Define your model class and apply `@register_model` with the type key you want to use in config files:

```python
import torch.nn as nn
from credit.models import register_model

@register_model("my_model", "Loading my custom model ...")
class MyModel(nn.Module):
    def __init__(self, in_channels: int, hidden_dim: int = 256):
        super().__init__()
        self.net = nn.Linear(in_channels, hidden_dim)

    def forward(self, x):
        return self.net(x)
```

The first argument to `register_model` becomes the value you set for `model.type` in your YAML config. The second argument is an optional log message shown when the model is loaded. If omitted, a default message is generated from the type key.
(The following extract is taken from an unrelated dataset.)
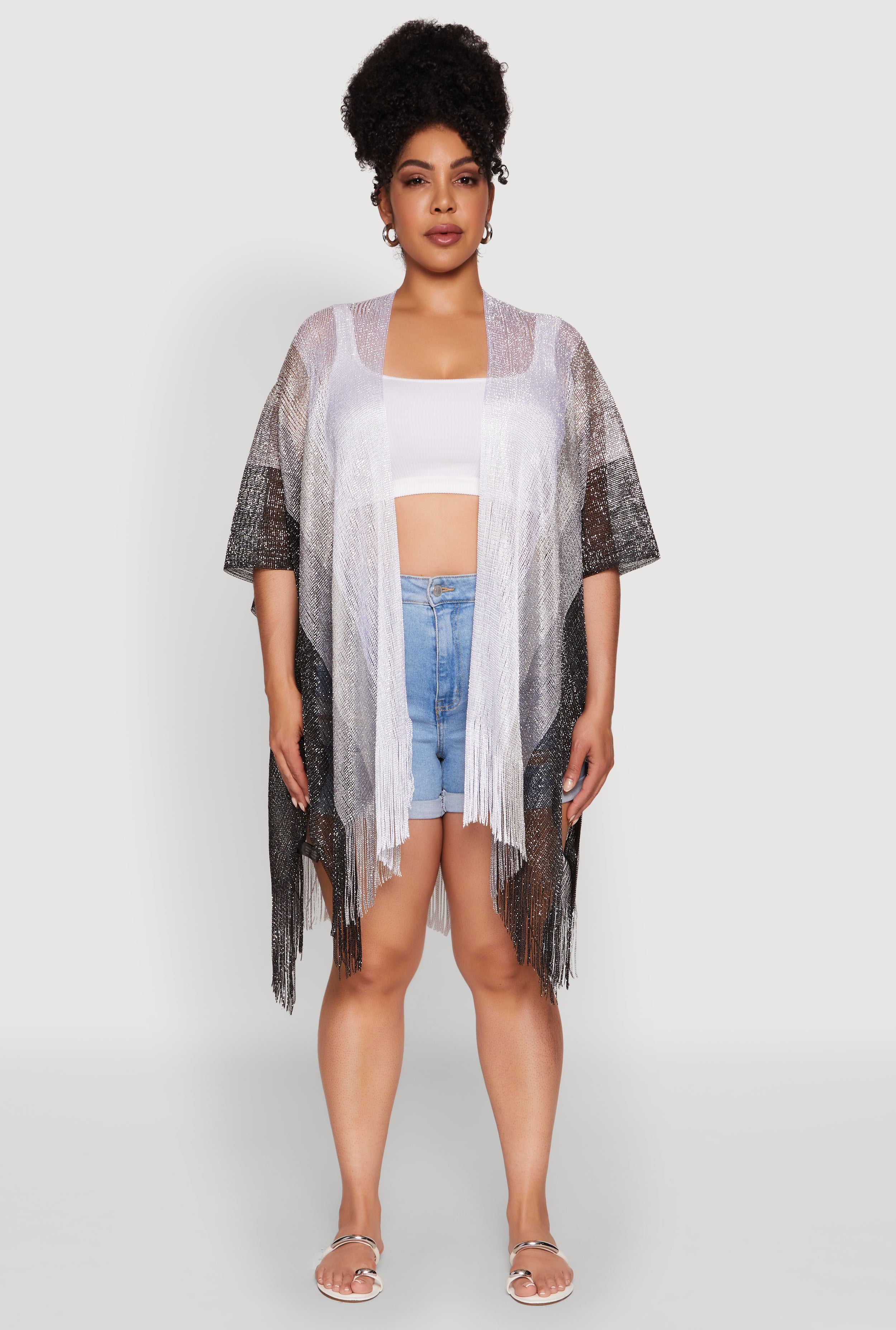 Trendy Fringe Hem Ombre Lurex Cover Up

### Matching the config signature

Constructor keyword arguments are taken directly from the `model:` block in your config, so your `__init__` signature should match the keys you put there:

```yaml
model:
  type: "my_model"
  in_channels: 128
  hidden_dim: 512
```

### Registering via the config file

The recommended way to use a custom model with the CREDIT CLI is to add a `custom_models` list at the top level of your config file. Each entry is a path to a Python file containing `@register_model`-decorated classes. CREDIT imports these files before `load_model` runs, so the type becomes available just like any built-in.

```yaml
# ---- Optional: register custom model classes ---- #
custom_models:
  - '/path/to/my_experiment/models.py'

save_loc: '/glade/derecho/scratch/$USER/CREDIT_runs/my_run'

model:
  type: "my_model"
  in_channels: 128
  hidden_dim: 512
  ...
```

Environment variables (e.g. `$WORK`, `$USER`) in the paths are expanded automatically. You can list multiple files if your experiment registers more than one custom type:

```yaml
custom_models:
  - '/path/to/my_experiment/backbone.py'
  - '/path/to/my_experiment/head.py'
```

### Registering via a Python import (alternative)
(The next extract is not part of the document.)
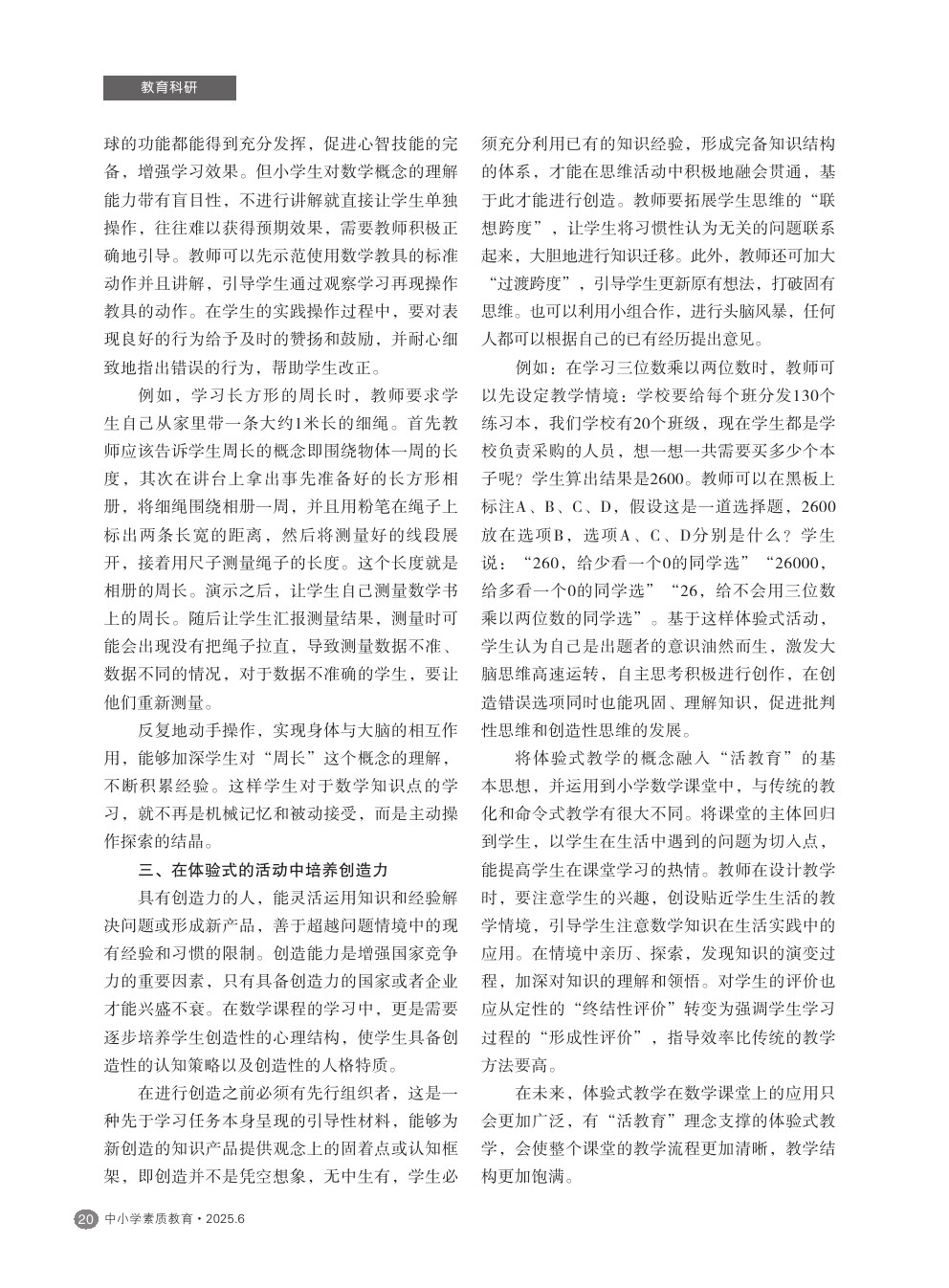 【2025年第6期】基于“活教育”理念的小学数学体验式教学

If you are calling `load_model` directly from your own script rather than using the CLI, you can register the model by importing the module that defines it before calling `load_model`:

```python
# my_experiment/train.py
import yaml
import my_experiment.models  # registers MyModel as a side-effect
from credit.models import load_model

with open("config.yml") as f:
    conf = yaml.safe_load(f)

model = load_model(conf)  # dispatches to MyModel
```

### Overwriting a built-in type

If you pass a `model_type` key that already exists in the registry (e.g. `"fuxi"`), a warning is logged and your class replaces the built-in. This is useful for swapping in a modified version of an existing architecture during experimentation without changing library code.

### Exposing `load_model` and `load_model_name` on your class

Built-in models support `load_weights=True` in `load_model` via class-level `load_model` / `load_model_name` methods. If you need checkpoint loading through the same factory call, add those methods to your class following the same convention used in `credit/models/fuxi.py`.